Book coverWell, after reading Flashing Swords #2, I picked up the other entry in the series of anthologies (there were five total) that I had (and that I bought at the same time ten years ago).

Again, this is a collection of sword-and-sorcery novellas by a small circle of writers from the time period with an introduction by Carter.

The stories include:

  • “The Bagful of Dreams” by Jack Vance, a story of Cugel the Clever. Cugel is down on his luck, and he meets up with a wizard with a bagful of dreams on his way to impress a royal personage and win a prize. But Iolo and Cugel beset and try to best each other beforehand and before the Duke.
  • “The Tupilak” by Poul Anderson is part of a series about human/merfolk hybrids seeking to find their vanished kind. They come to a cold land where colonists from abroad are suffering and are hounded by invaders from the north, and the merfolk intervene to try to save them.
  • “Storm in a Bottle” by John Jakes, a Brak the Barbarian story which starts with Brak as a captive brought into a strange town under threat from a dark mage who might be leading barbarians in the hills against them. Brak breaks free and finds that the threat comes from closer to home.
  • “Swords against the Marluk” by Katherine Kurtz which is part of the Deryni series. Apparently, it’s an event that the books mention but did not cover, and it’s how one new king defeated a magickal rival with magic of his own and a Deryni on his side. I didn’t get much out of it because I haven’t read the books.
  • “The Lands Beyond The World” by Michael Moorcock wherein Elric finds himself in another world having traveled through a gate and having had some adventures there. He is on his way back when he encounters a woman in trouble, on the run from an ancient sorceror who wants to resurrect an old love in her, and Elric tries to protect her.
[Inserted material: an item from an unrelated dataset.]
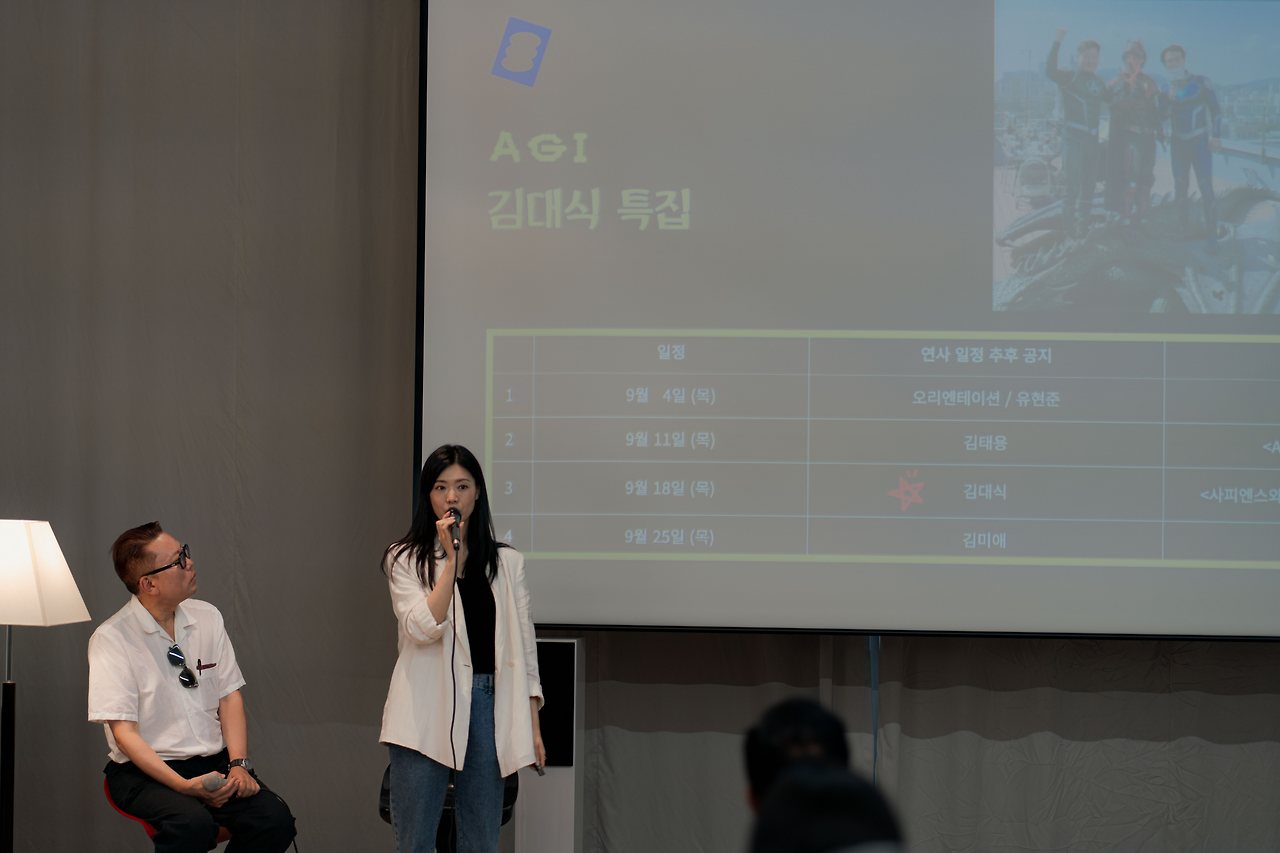 부천국제판타스틱영화제 집행위원장인 신철 대표님의 깊이 있는 질문과 이야기를 통해 현재 영화 시장이 고민하고 나아가는 방향성에 대해서도 함께 공유받을 수있는 시간과 함께 김태용 감독님과 오랜 기간 작업을 이어오고 있는 임다슬 작가님이 게스트로 방문해주셔서 최근 공개된 단편영화의 수상 소식과 작업과정을 공유해주시며 영화라는 주제로 모두가 이야기 꽃을 풍성하게 피워낸 두번째 시간이었습니다.

I liked the Cugel story; I might have read the Brak story in middle school or high school; and the Elric stories are growing on me. I don’t know that any of it will stick with me, but it was for the most part a pleasant passage of a couple of hours. The context-switching between the stories, with completely different rules and whatnot, was kind of difficult. Probably easier if one is more used to anthologies and definitely easier if you’re familiar with each story’s particular mythos from other works.

So will I pick up the other three books in the series? Well, if I see them at a book sale, perhaps, but I don’t think I’ll order them.

So will this conclude Brian J.’s year of sword-and-sorcery? Maybe not.